Fajardo’s slogan was “Antioquia, the most educated” which for mining seemed to be implicit acceptance of illegal miners stealing state resources while wreaking environmental destructing and social havoc out of sight in a backwater of the department.
The illegal miners were Antioqueños and voters after all. It is hard to understand failure to support a project which uses the best available mining and environmental technology, advanced water management systems, which now provides 1,243 direct jobs, 1,075 indirect jobs and has contributed tens of millions of dollars to social programs undertaken through strategic alliances with Conservation International and SENA among other organizations, and which will provide a strong source of funding for this department for decades.
Together with SENA, Continental developed an underground mining school which has graduated Colombia’s first female underground miners. Continental started publishing annual sustainability reports in 2017 and has undertaken various environmental protection and restoration projects, invested in local agricultural production capacity through the Future Harvest program, as well as greatly improving the health and education service provision in the town.
The political brouhaha surrounding the false corruption claims delayed Buritica’s environmental permitting by at least a year. With a lack of clarity on the progress of the Corantioquia process and an increase in the size potential of the project which was crossing the permitting threshold, the company changed to permit Buritica with the ANLA national licensing authority as the project became a PINES project of national interest. The project finally received its environmental permit in November 2016.
Just when Continental thought the majority of its challenges were behind hit, its darkest hour was yet to come.
September 2018 witnessed the murder of three local geologists by dissidents of the former FARC terrorist group at the Berlin project in Antioquia, a few short weeks after a mine engineer had been shot dead at Buritica.
The company’s share price fell to a two-year low following the murders and concerns about the broader security situation.

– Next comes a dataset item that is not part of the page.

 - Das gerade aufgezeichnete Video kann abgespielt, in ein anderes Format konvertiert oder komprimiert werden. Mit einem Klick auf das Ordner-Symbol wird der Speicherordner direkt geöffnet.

Buritica is a once-in-a-generation gold asset which will underpin the development of the local region for many years. It is also a testament to human will overcoming adversity; of the literal blood, sweat and tears of too many people and large-scale investment, undertaken by foreign companies, which generates benefits that largely remain in Colombia.
It will be a landmark mine in terms of production, mining practices, social development aspects and a healthy financial contributor through taxes and royalties at the national, regional and local level as it produces an annual 253,000 ounces of gold and 466,000-oz of silver.

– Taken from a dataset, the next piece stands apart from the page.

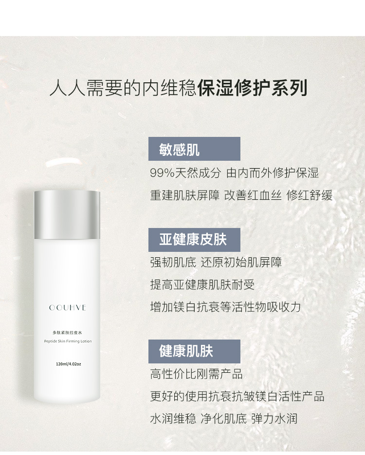 - OOUHVE无添加护肤品,以内养外精准护肤 译为“更像自己”通过肌肤是有生命,学会倾听肌肤声音的探讨 赋予产品精神意义与力量,通过优选原料品质温和精纯有效的护肤品,让每一位女性在使用后更加独立坚强。

It took stubbornness and determination to get Buritica into production, overcoming theft, corruption, invasion, criminal gangs and murder in addition to locking horns with often apathetic local and national government which abandoned the company alone to deal with rule of law issues alone.
As the money starts to roll into government coffers from Buritica, including a projected COP$3 trillion (US$786 million) in royalties, one wonders how much better many rural communities in Colombia could be doing if there had have been adequate government support for the dozens of other explorers that came to Colombia a decade ago?

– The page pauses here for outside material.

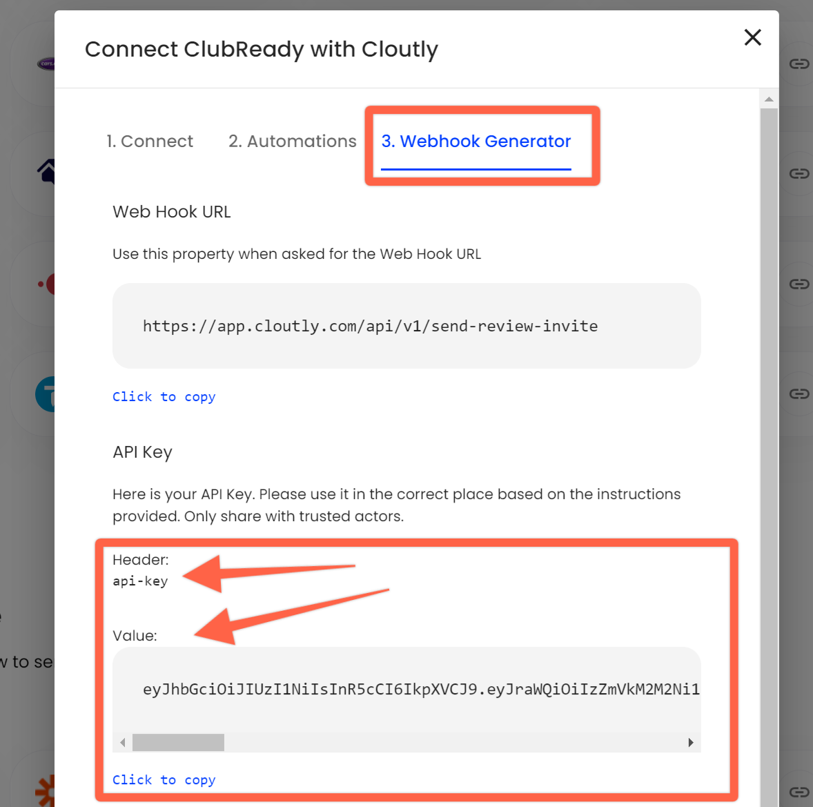Step: Copy and paste your API Key from the ClubReady integration window within Cloutly's Integrations page:

Continental, for example, in 2019 made social and environmental investments totaling COP$14.6 billion and COP$13 billion in purchases from local suppliers.
In 2018, these investments were COP$8.4 billion and COP$11.5 billion respectively, and in 2017 these totaled COP$4.3 billion and COP$4.7 billion.
But looking to the future, the greatest value of Buritica could be setting out a pathway for other projects to follow of how to do advance a gold project into production in Colombia.